What life does do, is go on. You can either decide to move along with it and leave behind the past (however horrendous, joyful, or ripple-causing it might have been) or isolate yourself in your own tower of tortured memories.
I used to do the latter, but I’ve learned that the former is a lot more fun.
Life is sad, and it will hurt you and disappoint you. But you’ll hurt yourself more by choosing to live in that hurt forever.
Or you can do as this Frenchman suggests: Let the wounds heal, the scars fade, and keep on living.
In lighter news, let’s look at some French art together:
Before landing on the article about Édouard Louis, I also read: Ann Temkin : « L’Atelier rouge a conduit Matisse vers l’imprévu » (Ann Temkin: “‘L’Atelier rouge’ led Matisse into the unexpected”).
If you’re into art (or not into art but you at least know the name Matisse (like me)), then this might be an interesting one for you. I was a little gobsmacked by the aggressively red paintings from Matisse that in my very uneducated opinion look very un-Matisse-like:
All of the above was discovered on my tiny little siège westbound to Toulouse. So what did I actually see in Cannes and Le Cannet (besides the secret to happiness)?
Well, on one walk (that was neither aimless nor lonely) I found this mural, Le Mur des Amoureux de Peynets, or Peynet’s Lovers’ Wall.

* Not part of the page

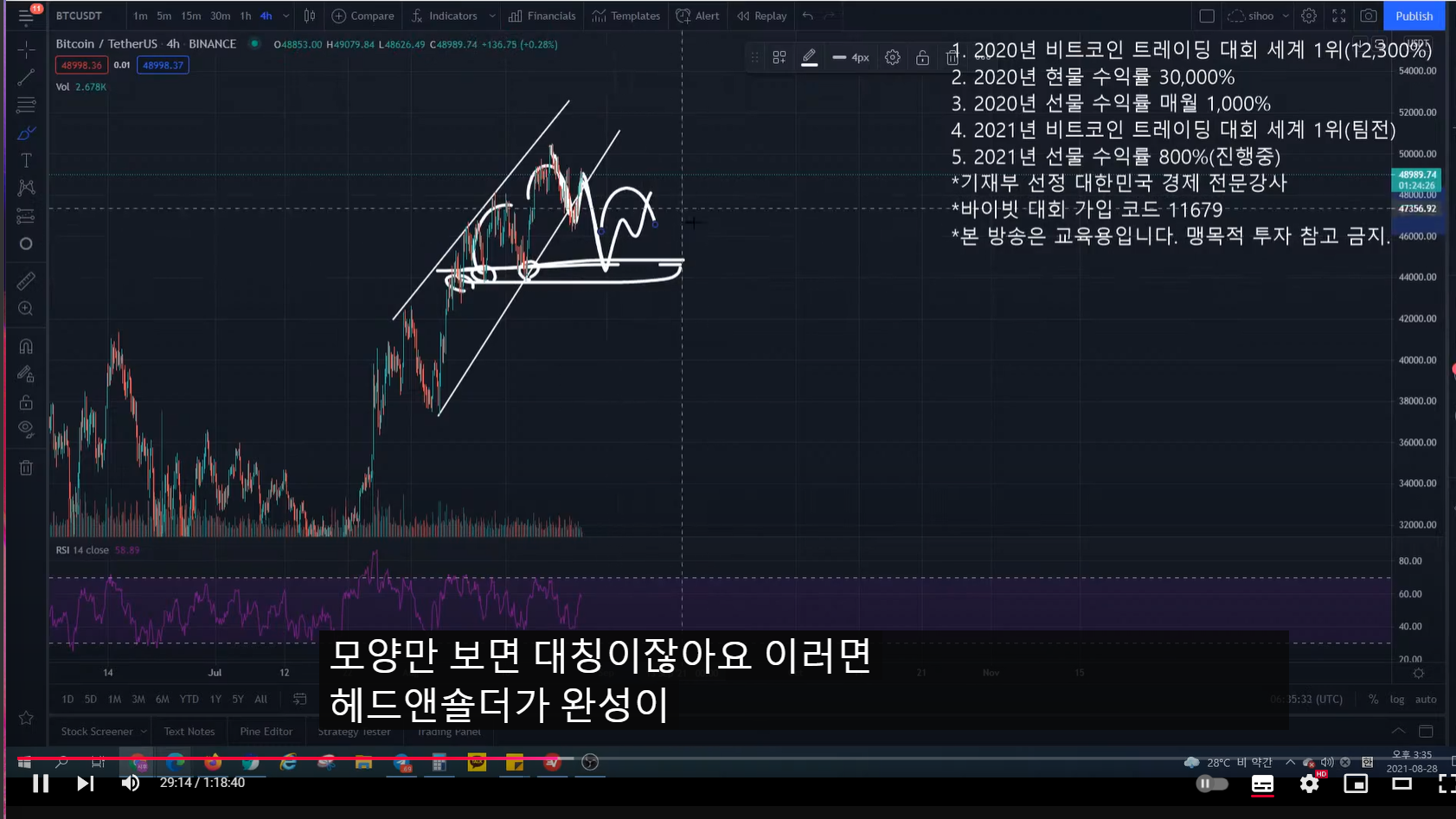 - 그런데 여기도 그렇고, 방송시점 현재도 그렇고, 거래량이 헤드 앤 숄더에서는 헤드 부분이 명확히 크게 나와야 하는 거 아닌가?

According to the sign (pictured above):
This fresco was painted jointly with Guy CEPPA in 1990 and i[t] represents a metaphor of love, symbolized by a bride and groom flying over the Garden of Eden, inspired by the village of Le Cannet. Raymond PEYNET, a citizen of honor of Le Cannet, painted this scene in honor of all young brides and grooms, to whom he offered a poetic interlude in their honeymoon. It was in 1942, in front of the bandstand in Valence that Raymond Peynet dreamt up his famous couple. In homage to lovers, his friend Georges Brassens wrote the famous song, “Bancs Publics.
A pretty enchanting sight to see while wandering around your friend’s neighborhood, no?